### AIM OF THE TASK
All of the lines below need to be copied exactly, apart from the pictures.

### COLLECTED DATA
• • •
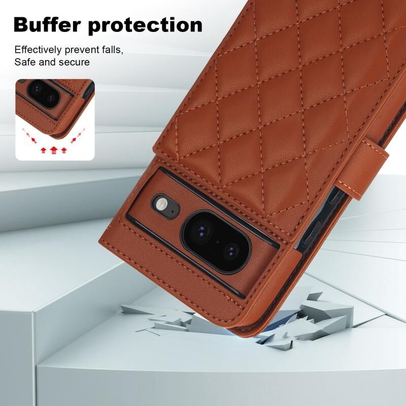 Για το Google Pixel 8 Crossbody Πολυλειτουργική θήκη τηλεφώνου από ρομβοειδές δέρμα (καφέ)
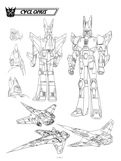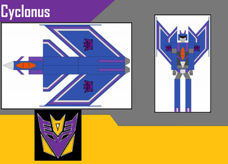 The basic concept for this redesign was actually completed back in 1995. The tubes on the head is to give a similar look on a fighter pilot's oxygen mask (a design element that is on all the Decepticon jets). I also gave Cyclonus a bit of a knight look in the over all visual to make him seem somewhat "heroic".This design did make it into my Decepticon Group Shot: [link]
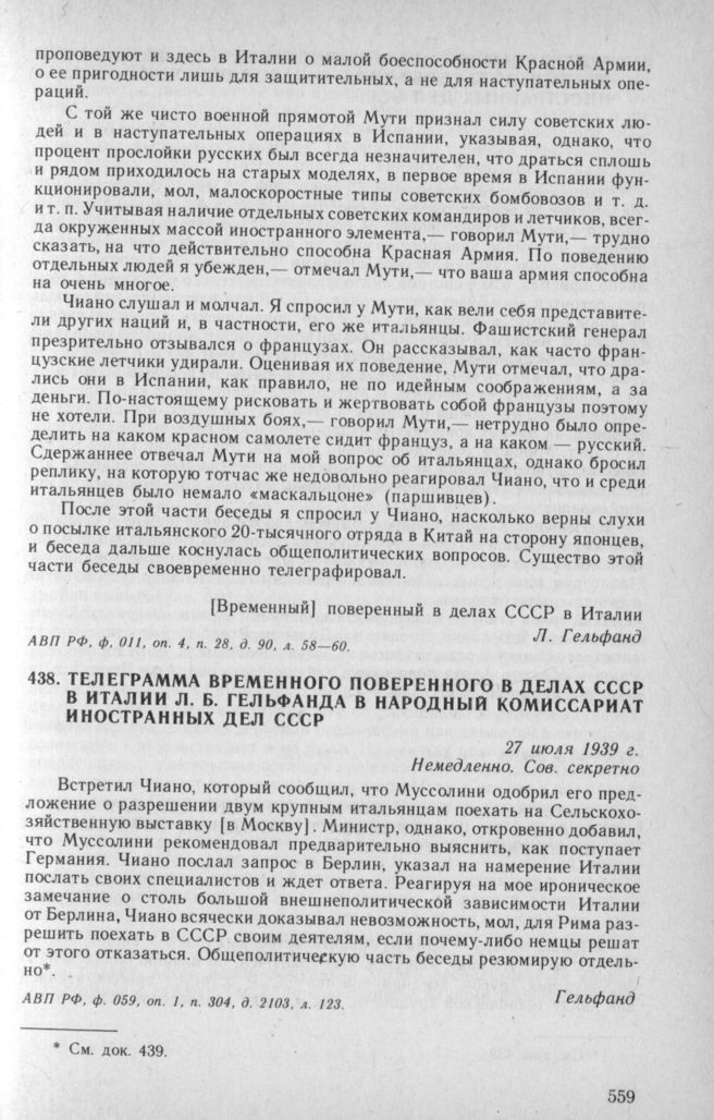 Телеграмма временного поверенного в делах СССР в Италии Л. Б. Гельфанда в Народный комиссариат иностранных дел СССР. 27 июля 1939 г. // АВП РФ, ф. 059, oп. 1, п. 304, д. 2103, л. 123.
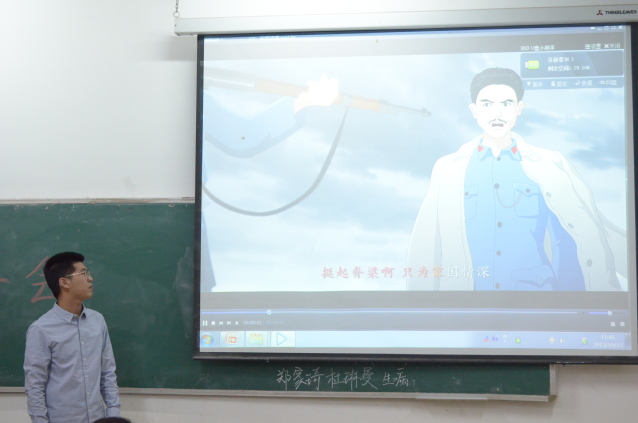许新港为吸引同学们的兴趣,播放央视的爱国宣传动漫《榜样》的主题曲《永恒》,动漫展现了那些为国家、为人民,牺牲、奉献的民族脊梁和时代先锋。最后,宣讲在同学们热烈的掌声中结束。
• • •
### EXERCISE OUTPUT
 Για το Google Pixel 8 Crossbody Πολυλειτουργική θήκη τηλεφώνου από ρομβοειδές δέρμα (καφέ)
 The basic concept for this redesign was actually completed back in 1995. The tubes on the head is to give a similar look on a fighter pilot's oxygen mask (a design element that is on all the Decepticon jets). I also gave Cyclonus a bit of a knight look in the over all visual to make him seem somewhat "heroic".This design did make it into my Decepticon Group Shot: [link]
 Телеграмма временного поверенного в делах СССР в Италии Л. Б. Гельфанда в Народный комиссариат иностранных дел СССР. 27 июля 1939 г. // АВП РФ, ф. 059, oп. 1, п. 304, д. 2103, л. 123.
许新港为吸引同学们的兴趣,播放央视的爱国宣传动漫《榜样》的主题曲《永恒》,动漫展现了那些为国家、为人民,牺牲、奉献的民族脊梁和时代先锋。最后,宣讲在同学们热烈的掌声中结束。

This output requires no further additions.